By Carlos Mendoza-Álvarez
We began the new year 2026 with the deployment of US military might very close to us in the Caribbean Sea. This was the setup for the extraction in Caracas of the illegitimate president Nicolás Maduro and his wife, kidnapped in the name of foreign justice to be taken to a court in New York where they are accused of criminal conspiracy related to drug trafficking.
This new expression of warfare in today's tripolar world, created after the pandemic by the United States, China, and Russia, was already foreseeable. Russia's invasion of Ukraine, China's threat to Taiwan, and the genocide of the Palestinian people by the state of Israel with the tactical support of the United States are all part of this new geopolitical strategy.

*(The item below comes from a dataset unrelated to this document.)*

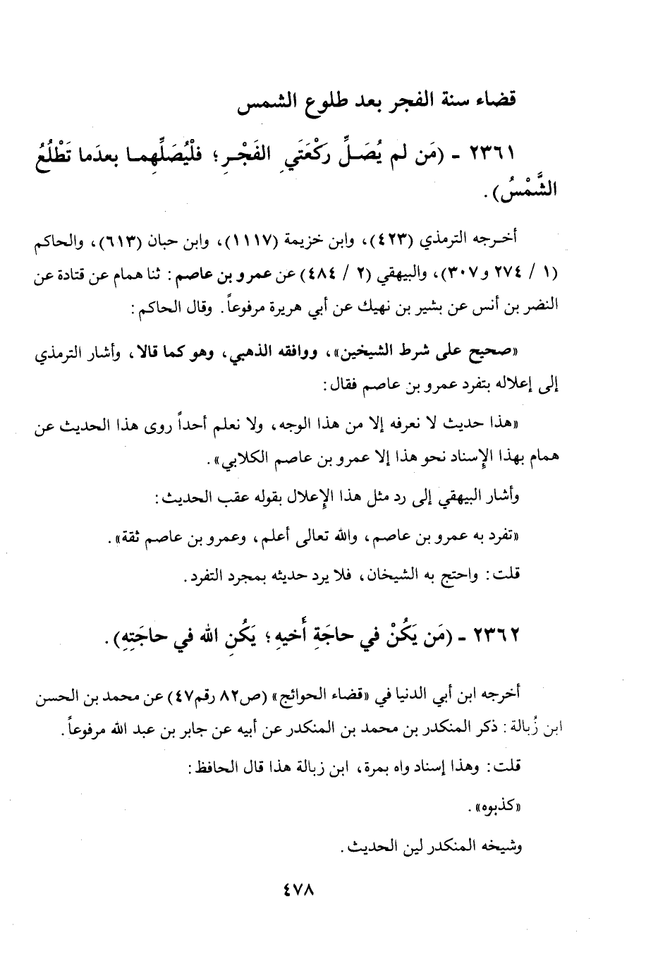 2361 - " من لم يصل ركعتي الفجر، فليصلهما بعدما تطلع الشمس ".

But we ignored these signs in the Western Hemisphere. We thought that Latin America and the Caribbean would be safe from Uncle Sam's neocolonialism because they had overcome his political and military interventionism during the era of the military dictatorships of the last century. We believed in party-based democracies, which took the reins of left-wing and right-wing governments throughout the region. Under the illusion of these party-based systems, we were unable to see how networks of corruption were being woven between political parties, business groups, governments in power, increasingly sophisticated criminal organizations, and transnational corporations, forming the very fabric of the extractive society of which we are part as unrestrained consumers of superfluous goods, indifferent to "the political" as everyone's task.
Today it is necessary to recognize that we are also part of the problem of this neocolonial war with various fronts that has already reached our territories and entered our homes.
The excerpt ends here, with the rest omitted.